* **THE PROBLEM**:
Using the records below, write out again exactly the lines that begin at the line containing "(2024年全國鄉(xiān" and end at the line containing "Rebirth of Mothra", and no other lines.

* **INFORMATION GIVEN**:
────────────────────
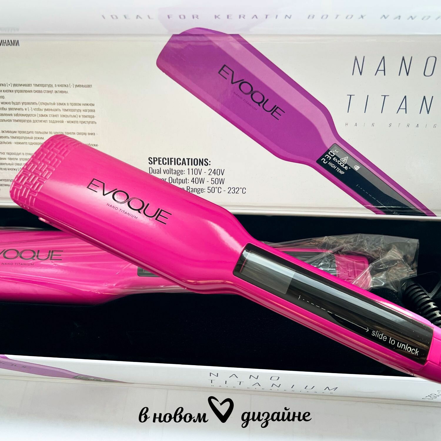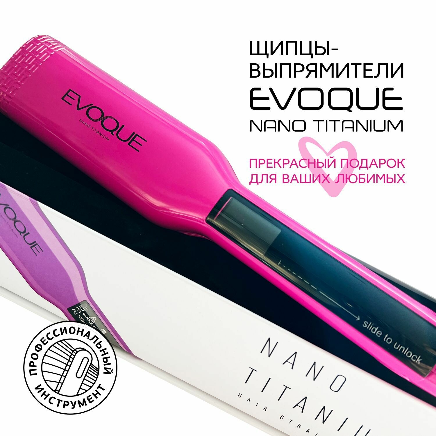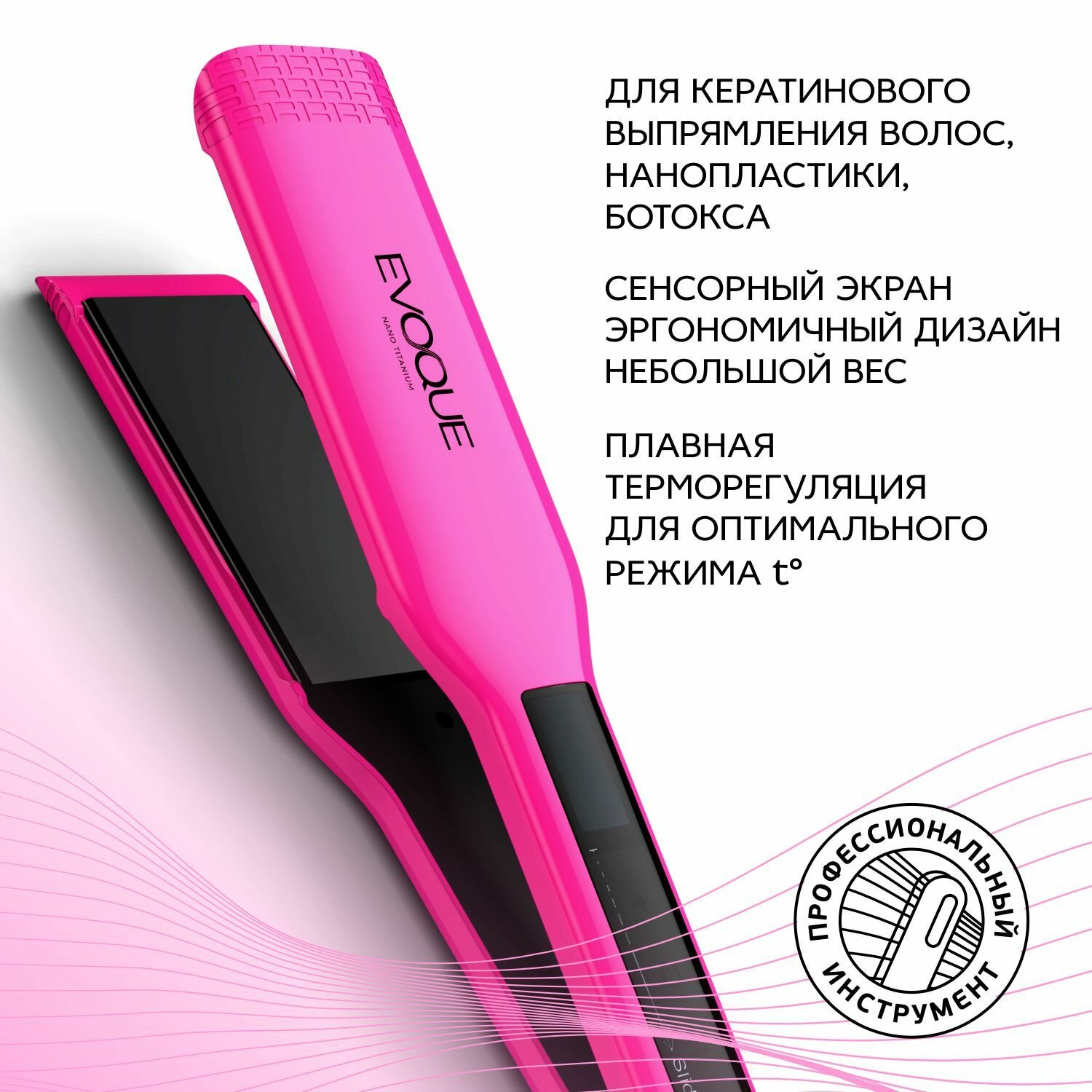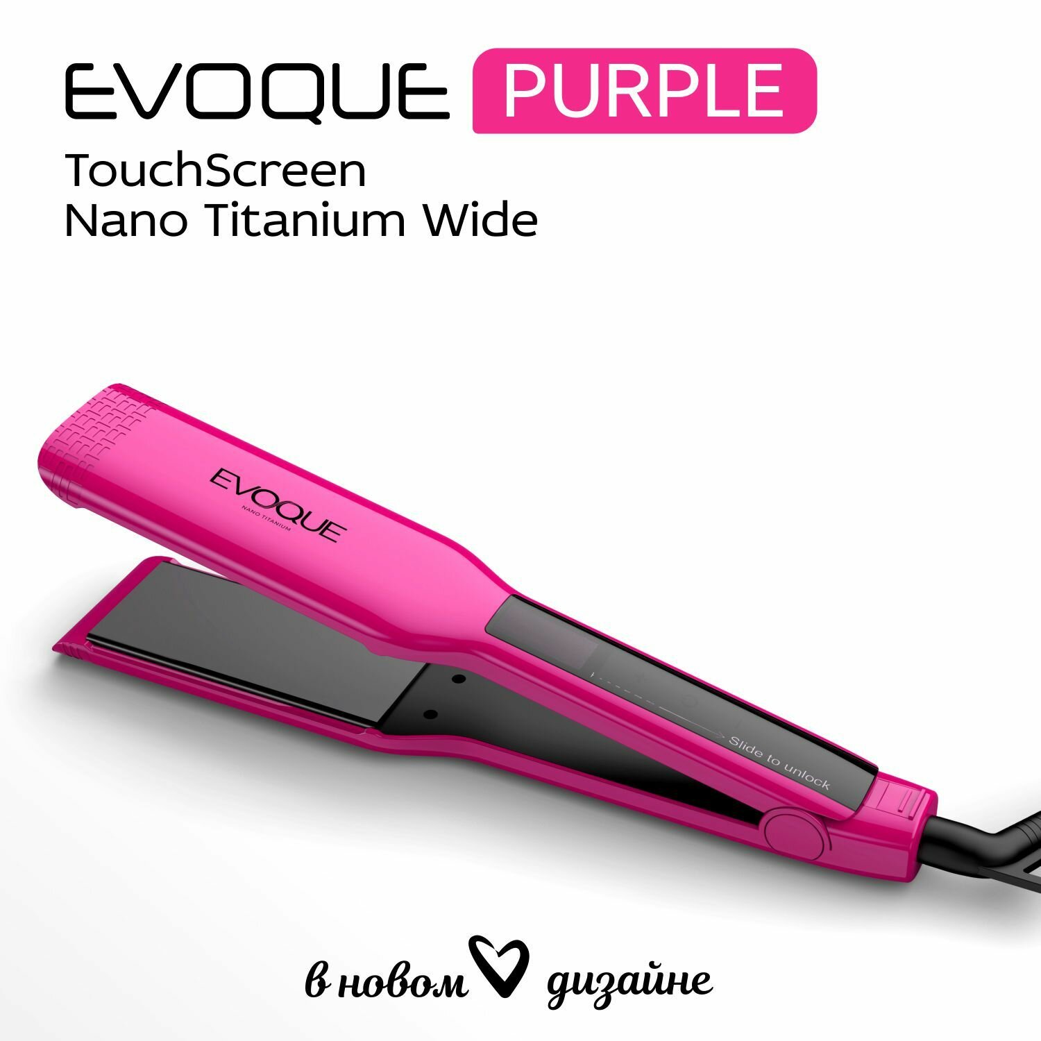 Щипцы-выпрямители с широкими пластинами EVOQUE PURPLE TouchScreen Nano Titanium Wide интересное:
────────────────────
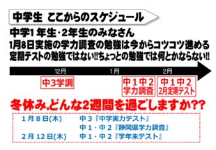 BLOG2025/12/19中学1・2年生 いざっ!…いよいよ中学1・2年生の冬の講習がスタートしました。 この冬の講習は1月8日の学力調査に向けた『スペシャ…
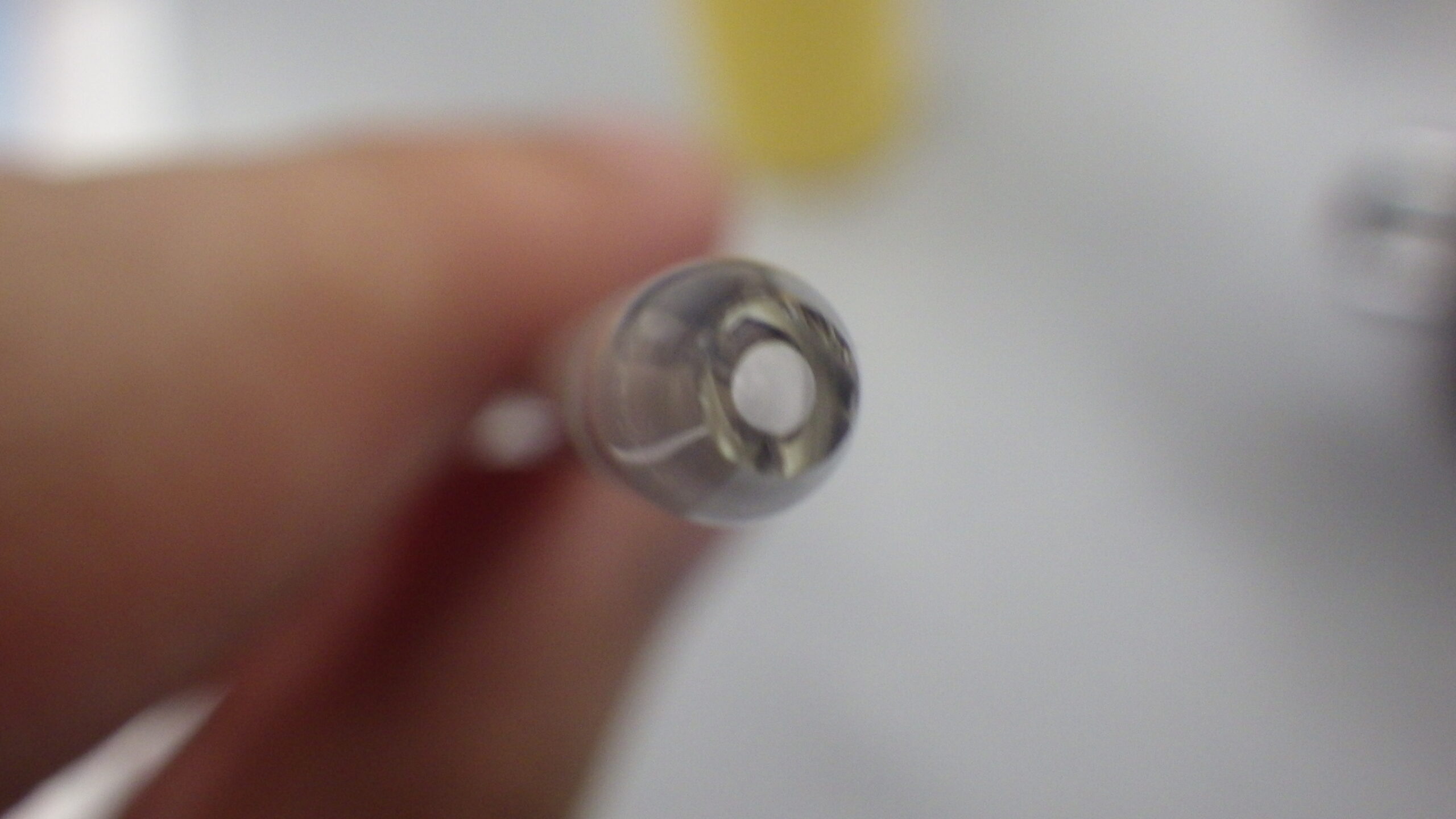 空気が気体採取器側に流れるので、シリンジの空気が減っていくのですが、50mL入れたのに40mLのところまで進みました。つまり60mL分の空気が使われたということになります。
────────────────────
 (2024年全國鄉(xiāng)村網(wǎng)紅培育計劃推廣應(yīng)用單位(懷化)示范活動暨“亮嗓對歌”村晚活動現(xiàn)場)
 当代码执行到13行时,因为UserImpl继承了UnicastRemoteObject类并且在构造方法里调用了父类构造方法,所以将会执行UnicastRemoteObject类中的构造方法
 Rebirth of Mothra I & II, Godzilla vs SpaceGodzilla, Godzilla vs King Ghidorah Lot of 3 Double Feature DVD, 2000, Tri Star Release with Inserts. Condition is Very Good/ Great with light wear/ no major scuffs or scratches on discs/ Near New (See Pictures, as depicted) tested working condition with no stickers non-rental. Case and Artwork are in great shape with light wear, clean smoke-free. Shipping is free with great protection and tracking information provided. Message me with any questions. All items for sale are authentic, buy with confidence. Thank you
────────────────────
* **RESPONSE TO THE EXERCISE**:
 (2024年全國鄉(xiāng)村網(wǎng)紅培育計劃推廣應(yīng)用單位(懷化)示范活動暨“亮嗓對歌”村晚活動現(xiàn)場)
 当代码执行到13行时,因为UserImpl继承了UnicastRemoteObject类并且在构造方法里调用了父类构造方法,所以将会执行UnicastRemoteObject类中的构造方法
 Rebirth of Mothra I & II, Godzilla vs SpaceGodzilla, Godzilla vs King Ghidorah Lot of 3 Double Feature DVD, 2000, Tri Star Release with Inserts. Condition is Very Good/ Great with light wear/ no major scuffs or scratches on discs/ Near New (See Pictures, as depicted) tested working condition with no stickers non-rental. Case and Artwork are in great shape with light wear, clean smoke-free. Shipping is free with great protection and tracking information provided. Message me with any questions. All items for sale are authentic, buy with confidence. Thank you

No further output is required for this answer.